We've had Directv for quite few years. Called them every once in a while to see what they could do to lower my bill. Answer: not much. Also had CBell for phone and internet. Dropped both of them this week. DTV just went to $119 and CBell was $120. Switched to Spectrum and will be saving $80 on all three services. Could be more but in order to get all channels we watch I had to go with the higher channel group. No contract, can change programming anytime. 

When I called DTV to cancel service they said we can lower my bill to $75 and upgrade equipment. I asked why didn't they do that the last time I talked to them. Got no answer. Too late now.


----------



## Dovans (Nov 15, 2011)

huh... now I feel silly


----------



## Dovans (Nov 15, 2011)

MuskyFan said:


> We've had Directv for quite few years. Called them every once in a while to see what they could do to lower my bill. Answer: not much. Also had CBell for phone and internet. Dropped both of them this week. DTV just went to $119 and CBell was $120. Switched to Spectrum and will be saving $80 on all three services. Could be more but in order to get all channels we watch I had to go with the higher channel group. No contract, can change programming anytime.
> 
> When I called DTV to cancel service they said we can lower my bill to $75 and upgrade equipment. I asked why didn't they do that the last time I talked to them. Got no answer. Too late now.

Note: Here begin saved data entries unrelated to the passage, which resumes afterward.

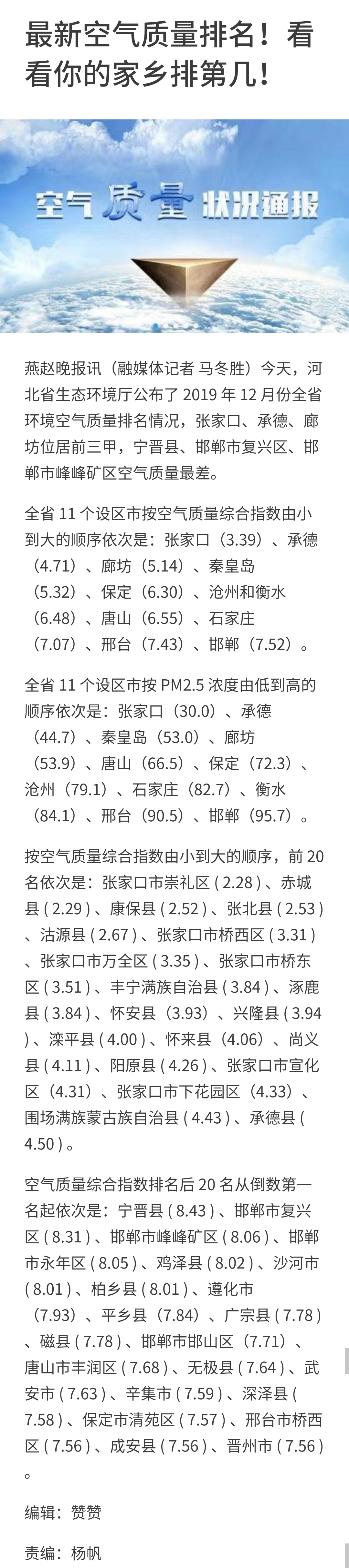 燕赵晚报融媒体:最新空气质量排名!看看你的家乡排第几!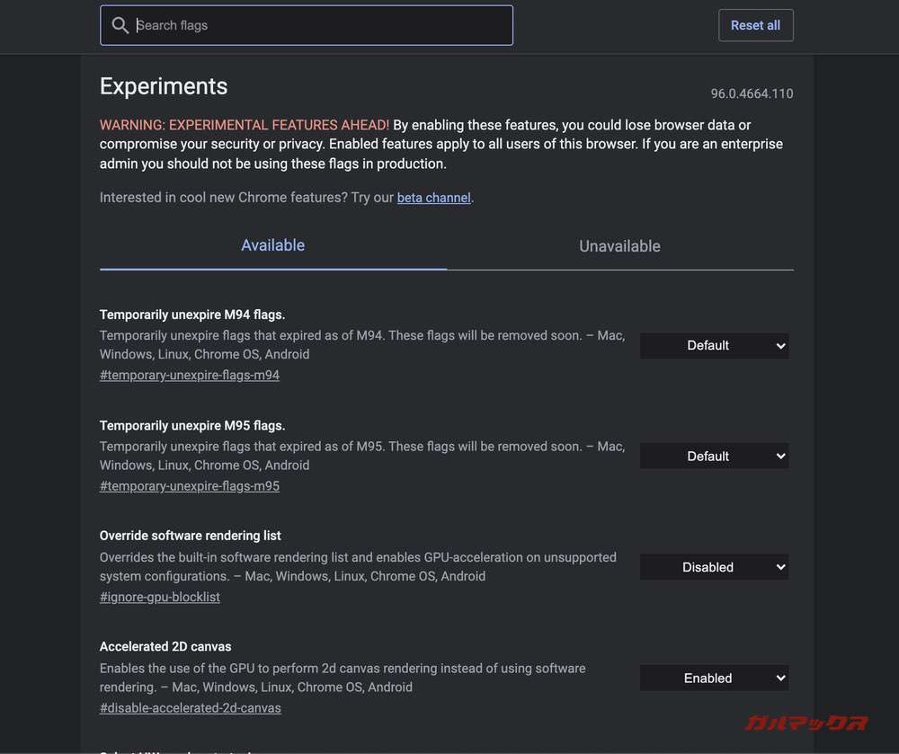 このFlag機能というのは、今後公式に実装するための試験的機能というもの。つまりベータ版の機能といえるものとなります。開発者でなくても、あるいはベータ版のブラウザでなくてもアクセスすれば使えるのが特徴です。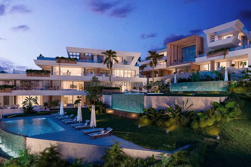 El diseño exterior del complejo utiliza materiales como madera, cristal y piedra, integrándose perfectamente con la topografía del terreno. Las viviendas ofrecen desde plantas bajas con jardines privados hasta áticos con amplias terrazas y piscinas privadas, creando un entorno de vida excepcional. Los precios comienzan desde 1 150 000 € por una propiedad de 232 m2 que combina comodidad, lujo y la belleza del entorno natural.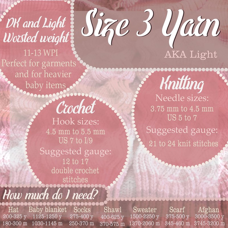 - [CATEGORY] 3 light. Also known as DK or light worsted weight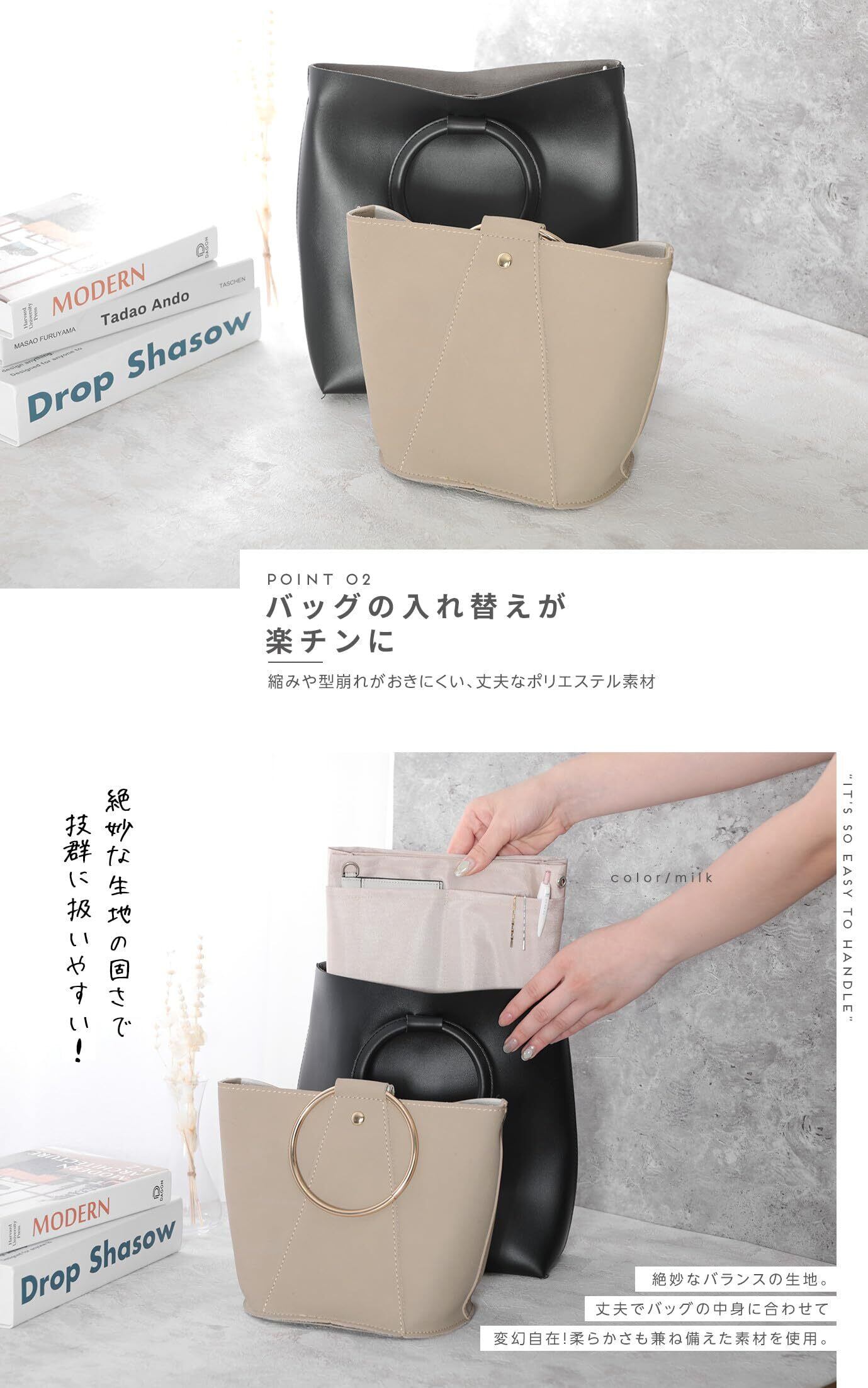 ■【機能的なデザインが魅力!】「バッグインバッグ 小さめ インナーバッグ 縦型」は、シンプルかつ実用的なデザインが特徴です。バッグの中を整理整頓することで、毎日の通勤やお出かけに便利にご利用いただけます!✨。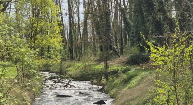 Het pad volgt zo’n beetje de gemeentegrens van Spaubeek en Schinnen en voert over de Geleenbeek. Natuurmonumenten sloeg zelfs een nieuwe brug. Er is op die plek iets, ik weet niet precies waar het aan ligt, maar het doet me mijn hele leven al aan Amerika denken en dan vooral aan het westen van de Verenigde Staten. Te veel cowboyfilms gezien als kind misschien. Ik maakte er een filmpje met mijn telefoon om te laten horen dat het hier niet om een murmelende beek gaat, maar om een kolkend riviertje. Het eindresultaat mocht er niet zijn, de aandacht was niet bij de techniek. Maar evengoed, je ziet daar toch zo een beer die een zalm uit het water slaat?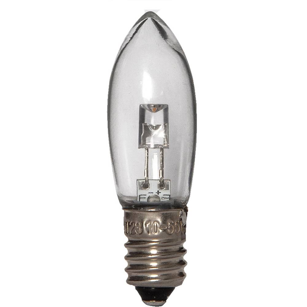 3-pack LED-reservlampor med klart glas och E10 sockel, 14-55V. Denna produkt passar till ljusstakar med 4-16 lampor och stickkontakt. För inomhusbruk.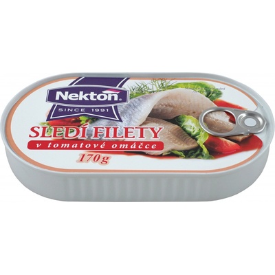 Nekton Sledí filety v rajčatové omáčce 170g Díky omega-3 mastným kyselinám, kterém sledi obsahují, dochází k posilování Vašeho imunitního systému. Kromě toho tento druh...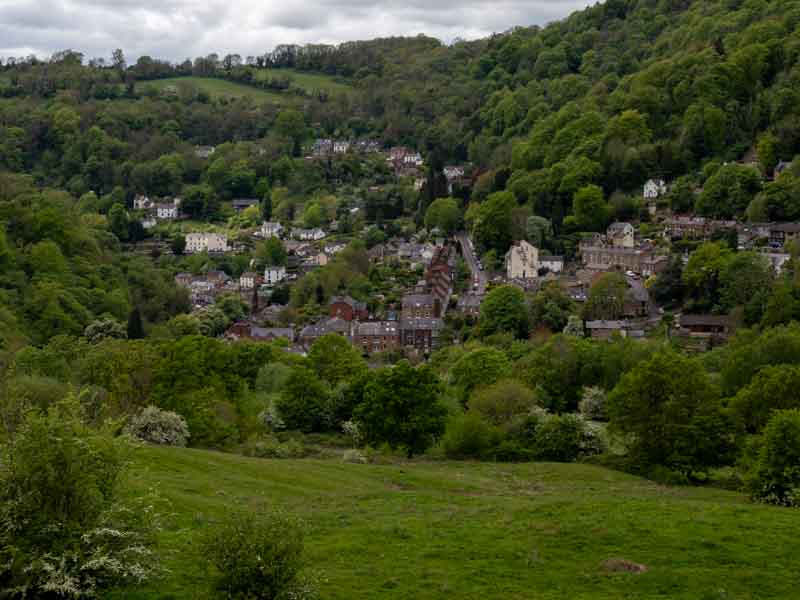 Sunday 4th May – With an uncertain forecast, we left it until the morning to decide on today’s itinerary. I woke to a small shower and grey skies, so we left it until 11am to travel out. Our first destination was Cromford Mills which was very disappointing, so we only stayed 30 minutes and moved on to Bakewell. The A6 was like a carpark, so we turned around and took a back road which allowed this view down onto Matlock-Bath.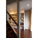 今回のリフォームで広すぎた奥行を暮らしやすい大きさへ変更したことにより、このギャラリースペースを設けることが出来ました。 食器棚と背中合わせの特注書籍棚には、ご主人の蔵書が並んでいます。天井と棚の隙間は透明ガラスで仕切り、明るい光を分散させました。
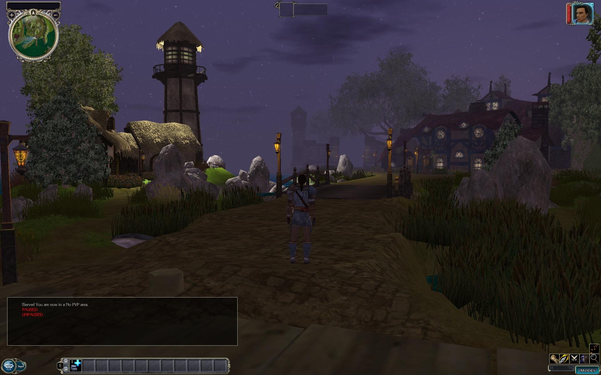 This is a small village 8 x 8 area. No interiors. NPCs have place holder conversations. Some ambiant life. There is an inn, a few cottages, a lighthouse, a dock, a small keep on the hill, a cave entrance, and two main road exits. Signs are examinable. Try staying in long enough for sundown and watch the lamps flicker and the lighthouse shine.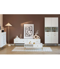 Cechą wyróżniającą kolekcji Oxo jest piękny, ryflowany front, który dodaje charakteru oraz oferuje atrakcyjną alternatywę do tradycyjnych, gładkich powierzchni. Złote, proste, metalowe nóżki nadają meblowi lekkość i elegancję, a także ułatwiają czyszczenie podłogi pod meblem. Uchwyty są okrągłe i gładkie, co umożliwia łatwe otwieranie, nie zostawiając przy tym żadnych zabrudzeń ani śladów na estetycznym froncie.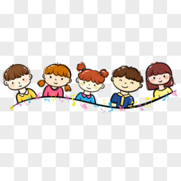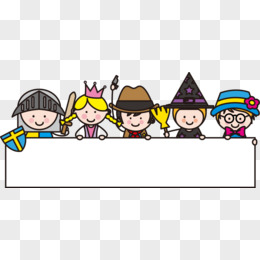 手绘草地上可爱儿童排列卡通标题免抠元素

My bill with spectrum after year or just went up to 200.00. They claim there is nothing they can do to lower it...


----------



## one3 (Dec 1, 2015)

Like the old saying goes, Money talks and $&%#* walks. I keep hearing people complain about the price of WTC, DISH or what ever. I would like to see what would happen if a lot of people would cancel there TV carrier. Then lets see if the price adjusts it sefl. Remember antenna is free, you may not receive everything you want, but it will be something. I think TV is full of reruns and comericals, not to mention the programing stinks. IMO people in to day secotiy have more money than brains. Tech s nice but how much do we need, it is not cheap.


----------



## Dovans (Nov 15, 2011)

tried an antenna,one on the roof, reception was terrible.


----------



## bajuski (Apr 9, 2004)

one3 said:


> Like the old saying goes, Money talks and $&%#* walks. I keep hearing people complain about the price of WTC, DISH or what ever. I would like to see what would happen if a lot of people would cancel there TV carrier. Then lets see if the price adjusts it sefl. Remember antenna is free, you may not receive everything you want, but it will be something. I think TV is full of reruns and comericals, not to mention the programing stinks. IMO people in to day secotiy have more money than brains. Tech s nice but how much do we need, it is not cheap.



(I keep hearing people complain about the price of WTC, DISH or what ever. I would like to see what would happen if a lot of people would cancel there TV carrier.)

I don't know about others, but I'm sure my wife would bury an axe into the side of my boat if I dropped her cable TV and DVR.


----------



## fishwendel2 (Nov 19, 2007)

crittergitter said:


> TW or whatever they want to call themselves is evil, pure evil.
> 
> I stream everything through a media player. You need a good internet signal, but I refuse to pay for 500 channels of crap I don't want!!!


Same here! A couple of modified Amazon Fire Sticks and all the TV shows, movies EVERY NFL NBA and NHL game for free with high speed internet!


----------



## ostbucks98 (Apr 14, 2004)

fishwendel2 said:


> Same here! A couple of modified Amazon Fire Sticks and all the TV shows, movies EVERY NFL NBA and NHL game for free with high speed internet!


That's only gonna last so long. They have contracted the developer of nagra 3 encryptions. If anyone was ever in the Satellite hacking game they know how that put an end to all the free tv.


----------



## flyman01 (Jan 23, 2013)

bassattacker said:


> I have been cable free for 5 years and havnt looked back. Between netflick, roku, Hulu, there is really no point in cable or dish anymore. For $100 a month there isnt anything i cant stream. The only thing you have to get used to is the delay in uploads unless it is streamed live. It took about a year to get used to the delay after that i now watch anything i want when i want.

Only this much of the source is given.